Inspiration In the process of video processing, we realize that the need to convert hard subtitles (Hardsub) to soft subtitle (soft subtitle), especially for educational videos, online courses, or documentary movies. Users usually only have a Hardsub with a subtitle with no subtitle file, making it difficult to edit, translate into other languages, or reuse. The cost for current subtitle extract systems is quite high, while many groups only have a minimum budget. This has motivated us to build the most optimal and economical system possible.

What it do Our system performs the following main functions:

Extract subtitles from Hardsub video with automatic OCR technology.

Create a soft subtitle file (SRT or VTT) that can be edited or translated into other languages.

Support many video formats (MP4, MKV, AVI).

Optimize operating costs to suit individuals, educational centers, small film translations.

It is possible to expand integrated into Pipeline to process large videos.
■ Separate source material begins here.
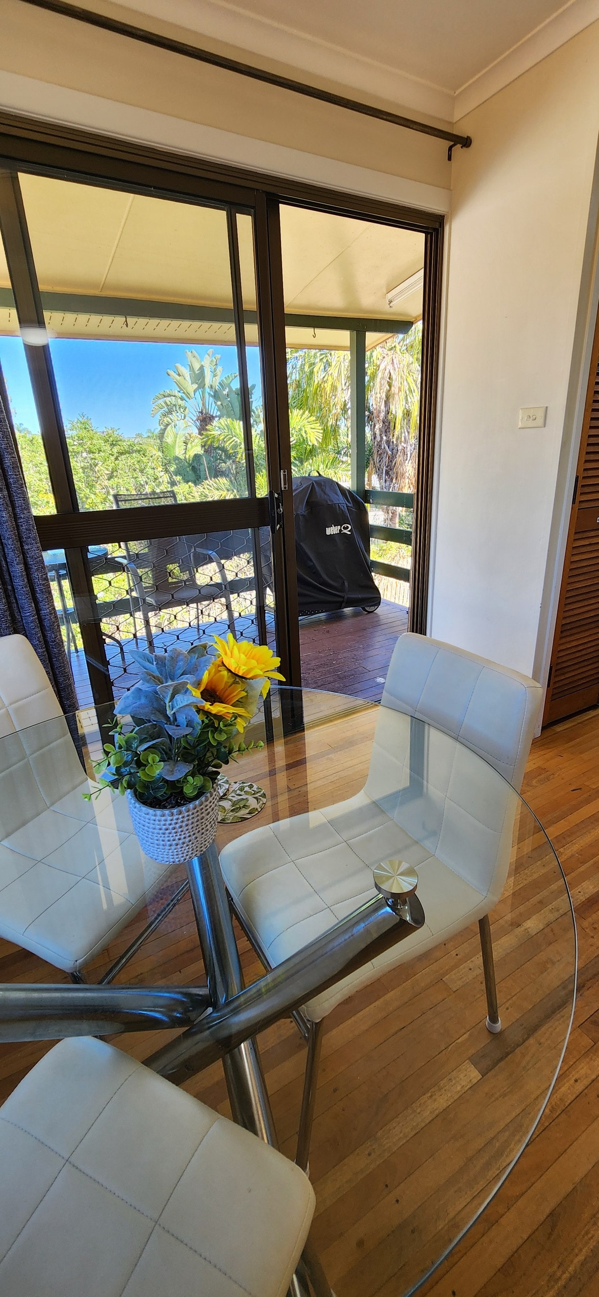 Guests will be close to everything when you stay at our centrally located home. This home is short walking distance to the shopping centre, great coffee venues, hotel, beaches, play grounds and surf club - there is something here for everyone! What more could you want? This really is a wonderful location for all your needs and enjoyment. Baby gates are installed for your little ones safety. The deck is where you can chill and relax taking in the beautiful view over the beaches!!

How we built it Main language: Python

Library: FFMPEG-POPON, OpenCV, Tesseract OCR, PYSRT

Processing process:

Use FFMPEG to cut the frame according to the necessary FPS.

Handling images via OpenCV to increase the contrast, threshold the subtitle area.

Use Tesseract OCR to identify text in the Croped Subtitle.

Write identifying data into standard SRT file by PYSRT.

Initial implementation: Run Local on the Ubuntu 20.04 server with GPU or CPU that supports AVX2 to accelerate Decode.

Challenges we ran into The accuracy of OCR: With videos with strange fonts or complex backgrounds, Tesseract needs further refinement.

Time synchronization (Timing): Extract frame incorrectly FPS or Skip frames lead to Mismatch time subtitle.

Cloud GPU cost: Although the cost of OCR is not large, the high -resolution decode decode requires a strong enough server, which needs to optimize Batch Processing.

Multilingual subtitle processor: Tesseract default English, need to install more traineddata for Vietnamese, Japanese, Chinese, etc.

Accomplifts Successfully building the subtitle extract system at low cost (<0.02 USD/minute video).

Average OCR accuracy 85-90% with Hardsub video of good quality.

Write a module that is easy to integrate into Pipeline to process available videos of customers.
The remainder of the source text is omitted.